LONDON — British police hunting London bombers yesterday admitted killing a Brazilian electrician by mistake — a blunder that dealt a blow to their efforts to track down militants they fear could strike again.

In another development, security sources said investigators had found material linking bombers in both the July 7 attacks, which killed 52 persons, and the failed strike Thursday.

Police expressed regret for having killed the Brazilian man a day earlier and identified the victim as Jean Charles de Menezes, a 27-year-old electrician who had been living in London for three years.

“For somebody to lose their life in such circumstances is a tragedy and one that the Metropolitan Police Service regrets,” a police spokesman said on the customary condition of anonymity.

Brazilian Foreign Minister Celso Amorim demanded clarification from Britain about the shooting.

Massoud Shadjareh of the Islamic Human Rights Commission said the killing was a direct consequence of British police officers’ being sent to Israel to receive training on how to prevent suicide bombings.

But former London police chief John Stevens defended the tactics.

“I sent teams to Israel and other countries hit by suicide bombers, where we learned a terrible truth,” he wrote in the News of the World. “There is only one sure way to stop a suicide bomber determined to fulfill his mission — destroy his brain instantly, utterly. That means shooting him with devastating power in the head, killing him immediately.”

The link between the two teams of Muslim bombers involved a whitewater rafting trip attended by members of both bombing teams. This clue was based on evidence discovered in rucksacks left behind by the failed bombers. Detectives believe the trip could have been used as a bonding exercise.

London Mayor Ken Livingstone said the killing was a “human tragedy” that was a consequence of the attacks.

“The police acted to do what they believed necessary to protect the lives of the public,” he said. “This tragedy has added another victim to the toll of deaths for which the terrorists bear responsibility.”

Thousands of officers, meanwhile, fanned out in a huge manhunt that continued yesterday with hopes that the publication of images of four suspected attackers would lead to their capture.

Security alerts kept the city of about 8 million residents on edge.

Police briefly evacuated East London’s Mile End subway station in one such incident, and one witness reported the smell of something burning. Service was suspended on parts of two subway lines, but police said later the incident “turned out to be nothing.”

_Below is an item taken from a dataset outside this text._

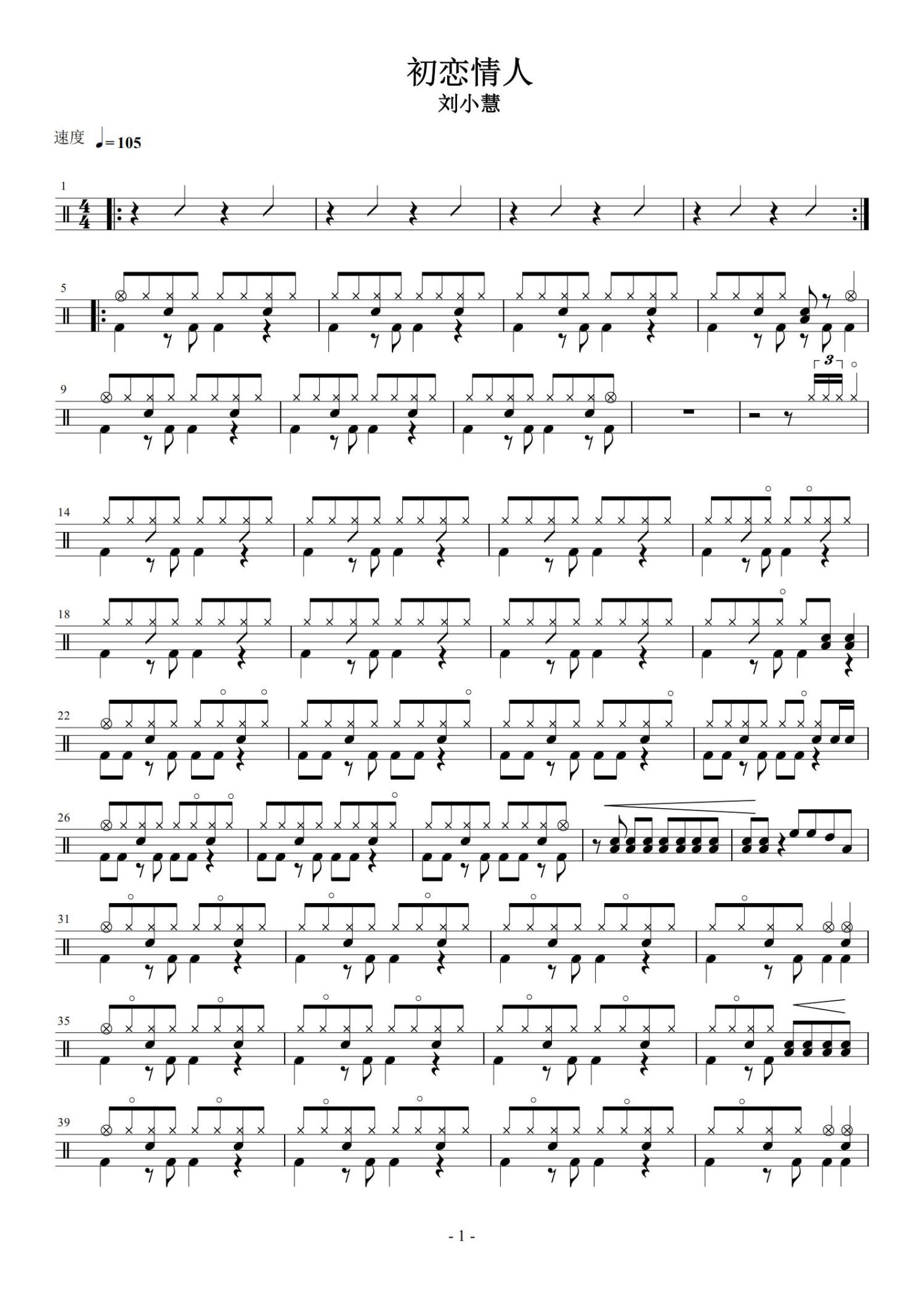 • 初恋情人鼓谱 - 刘小慧 - 架子鼓谱第1张

The mourning continued, with hundreds packing Westminster Cathedral for the funeral Mass of Anthony Fatayi-Williams, a 26-year-old who was among the 52 persons killed by four suicide bombers in the first wave of attacks on July 7.

“These present atrocities and Anthony’s death have raised great emotions in us,” Alan Hopes, auxiliary bishop of Westminster, told mourners. “We are angry. We are appalled, and we are grieving, but as Christians, we cannot yield to bitterness. We cannot yield to thoughts of revenge.”